The next step is the garbage removal process. It is completely different from the garbage removal process of the secondary garbage collector. You can roughly understand the removal process by referring to the following figure:the marking process and the cleaning process are the marking-clearing algorithm, but after the marking-clearing algorithm is executed multiple times on a block of memory, Large amounts of discontinuous memory fragmentation. And too much fragmentation will cause large objects to be unable to allocate enough continuous memory, so another algorithm-Mark-Compact(Mark-Compact), this marking process is still the same as the Mark-Clear algorithm, But the next step is not to directly clean up the recyclable objects, but to move all the surviving objects to one end, and then directly clean up the memory beyond the end boundary.
image.png

Full pause

Now we know that V8 uses the secondary garbage collector and the main garbage collector to handle garbage collection.
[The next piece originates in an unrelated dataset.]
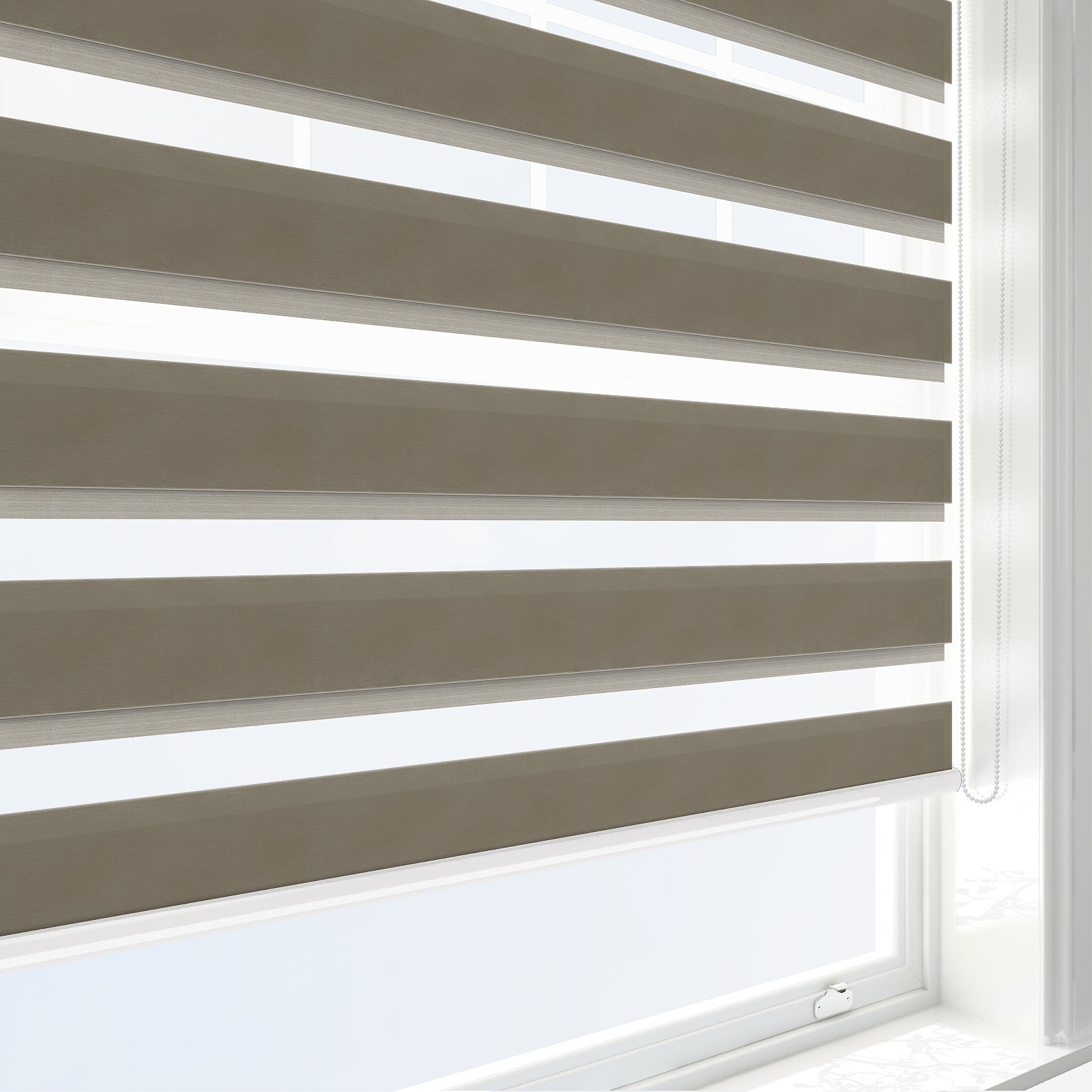 Estores Noite e Dia combinam duas telas alternadas — translúcidas e opacas — que permitem controlar com precisão a entrada de luz e a privacidade. Uma solução funcional e elegante para espaços residenciais e profissionais.
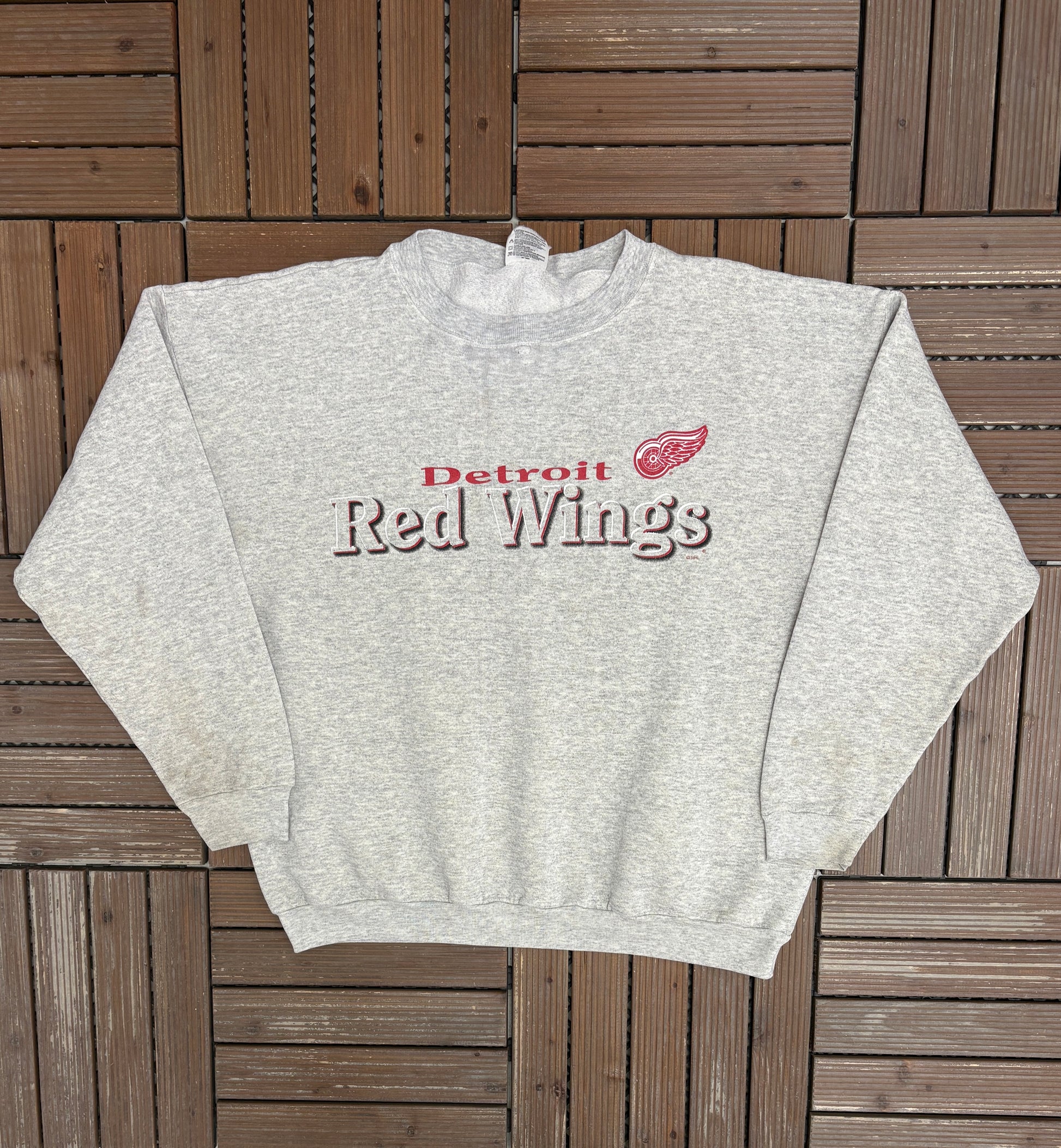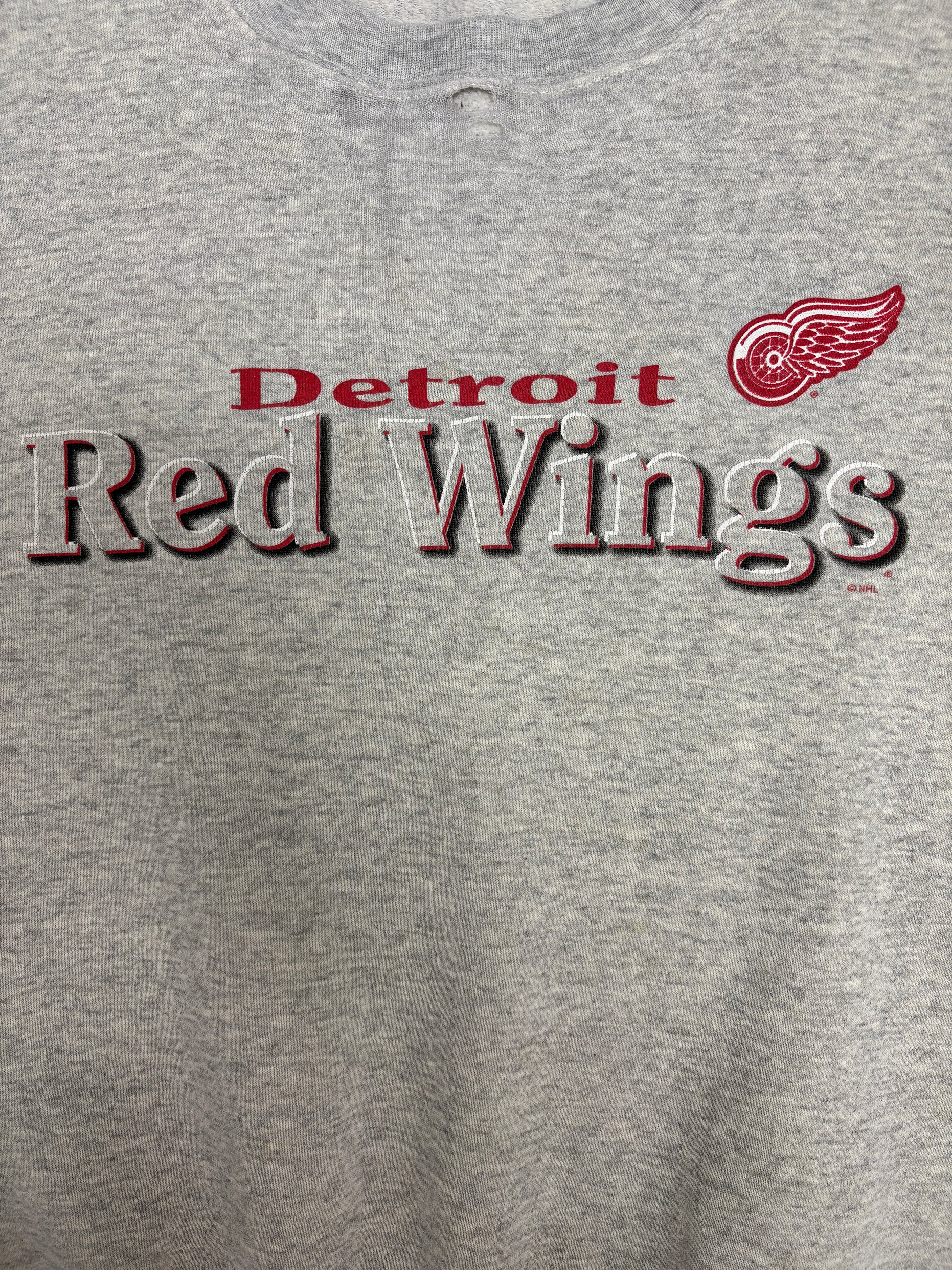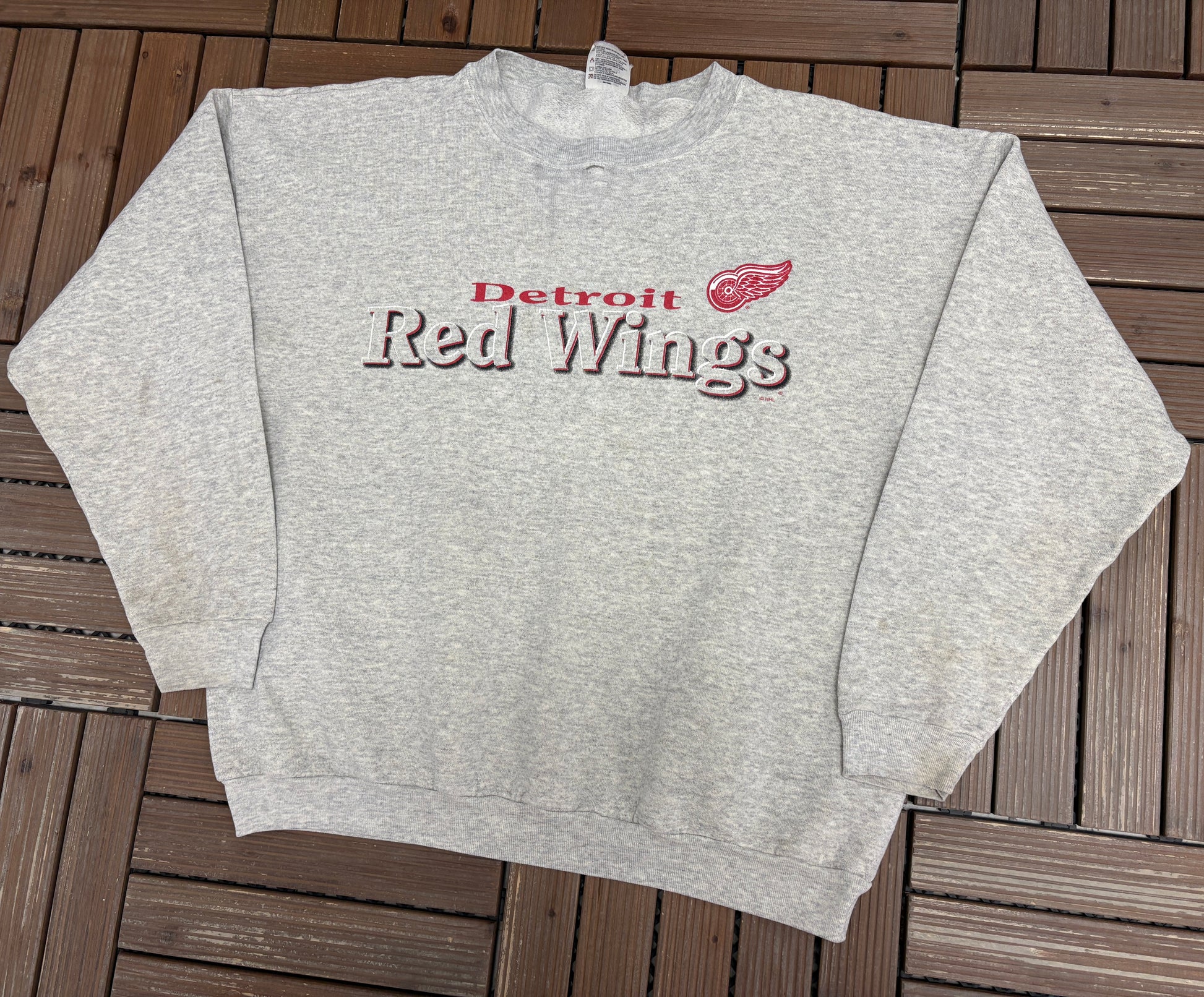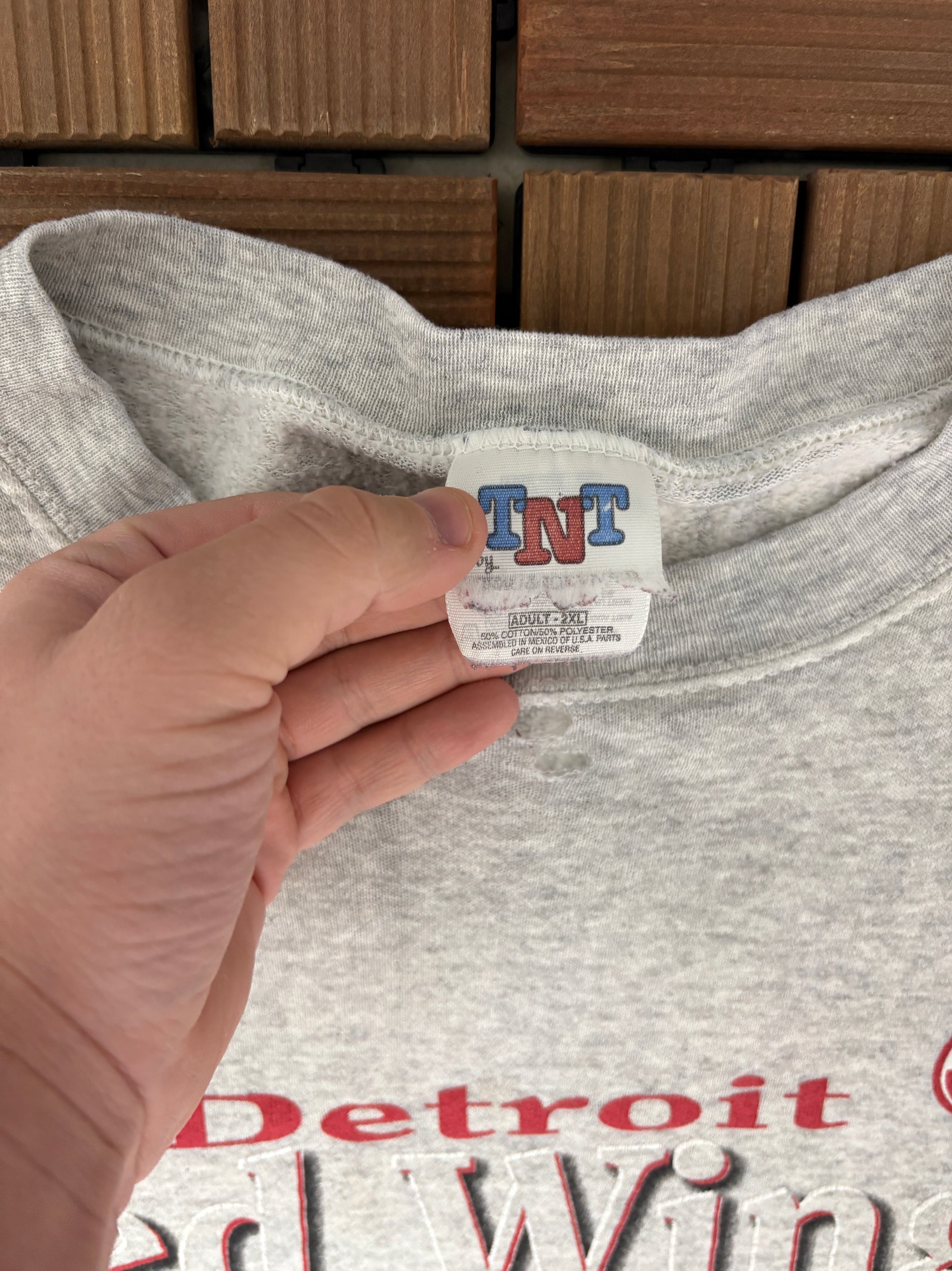 Detroit Red Wings Graphic Crewneck | Size XX-Large | Vintage 1990s NHL Hockey Grey Sweater |

However, because JavaScript runs on the main thread, once the garbage collection algorithm is executed, it is necessary to pause the JavaScript script that is being executed. Script execution resumes after garbage collection is completed. We call this behavior Stop-The-World. For example, the data in the heap is 1.5GB, and it takes more than 1 second for V8 to implement a complete garbage collection. This is also the time when the JavaScript thread is suspended due to garbage collection. If such time is spent, then the performance and response of the application Ability will plummet.
In the garbage collection of the new generation of V8, due to its small space and fewer surviving objects, the effect of full pause is not large, but the old generation is different. If the main thread takes too long during the garbage collection process, the main thread cannot do other things. For example, the page is executing a JavaScript animation, because the garbage collector is working, it will cause this animation to not be executed during this period, which will cause the page to freeze. In order to reduce the stall caused by garbage collection in the old generation, V8 divides the marking process into sub-marking processes, and at the same time allows garbage collection marking and JavaScript application logic to alternate until the marking phase is completed. We call this algorithm incremental. Incremental marking(Incremental Marking) algorithm. As shown below:

image.png

Using the incremental marking algorithm, a complete garbage collection task can be split into many small tasks. The execution time of these small tasks is relatively short, and they can be interspersed among other JavaScript tasks to be executed, so that when the above animation effect is executed, It will not let users feel that the page is stuck because of the garbage collection task.